One guy I interviewed the other day had a pretty good attempt at describing when one should choose one or the other: it depends on which is closest to the real world situation that you’re trying to model. That has the ring of truth to it, but I’m not sure it is enough. As an example, take the classically hierarchical model of the animal kingdom: Humans and Chimpanzees are both Primates, and, skipping a bunch of steps, they are Animals just like Kangaroos and Tigers. This is clearly a set of is-a relationships, so we could model it like so:

public class Animal {}

public class Primate extends Animal {}

public class Human extends Primate {}

public class Chimpanzee extends Primate {}

public class Kangaroo extends Animal {}

public class Tiger extends Animal {}

Now, let’s add some information about their various body types and how they walk. Both Humans and Chimpanzees have two arms and two legs, and Tigers have four legs. So we could add two legs and two arms at the Primate level, and four legs at the Tiger level. But then it turns out that Kangaroos also have two legs and two arms, so this solution doesn’t work without duplication. Perhaps a more general concept involving limbs is needed at the animal level? There would still be duplication of the ‘legs + arms’ classification in both Kangaroo and Primate, not to mention what would happen if we introduce a RattleSnake into our Eden (or an EarthWorm if you prefer an animal that has never had limbs at any stage of its evolutionary history).

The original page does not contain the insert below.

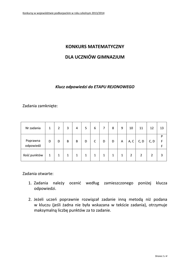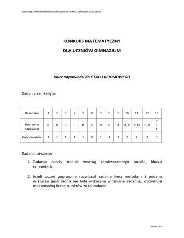 KONKURS MATEMATYCZNY DLA UCZNIÓW GIMNAZJUM

A similar problem is shown by introducing a walk() method. Humans do a bipedal walk, Chimpanzees and Tigers walk on all fours, and Kangaroos hop using their rear feet and tail. Where do we locate the logic for movement? All the animals in our sample hierarchy can walk on all fours (although humans tend to do so only when young or inebriated), so having a quadrupedWalk() method at the Animal level that is called by the walk() methods of Tiger and Chimpanzee makes sense. At least until we add a Chicken or Halibut, because they will now have access to a type of locomotion they shouldn’t.

The root problem here is of course that the model is bad even though it seems like a natural one. If you think about it, body types and locomotion are not defined by the various creatures’ positions in the taxonomy – there are both mammals and fish that swim, and both fish, lizards and snakes can be legless. I think it is natural for us to think in terms of templates and inherited properties from a more general class (Douglas Hofstadter said something very similar, I think in Gödel, Escher, Bach). If that kind of thinking is a human tendency, that could explain why it seems so common to initially think that a hierarchical model is the best one. It is often a mistake to assume that the presence of an is-a relationship in the real world means that inheritance is right for your object model.

But even if, unlike the example above, a hierarchical model  is a suitable one to describe a certain real-world scenario, there are issues. A big one, in my opinion, is that the classes that make up a hierarchical model are very tightly coupled. You cannot instantiate a class without also instantiating all of its superclasses. This makes them harder to test – you can never  ‘mock’ a superclass, so each test of a leaf in the hierarchy requires you to do all the setup for all the classes above. In the example above, you might have to set up the limbs of your RattleSnake and the data needed for the quadrupedWalk() method of the Halibut before you could test them.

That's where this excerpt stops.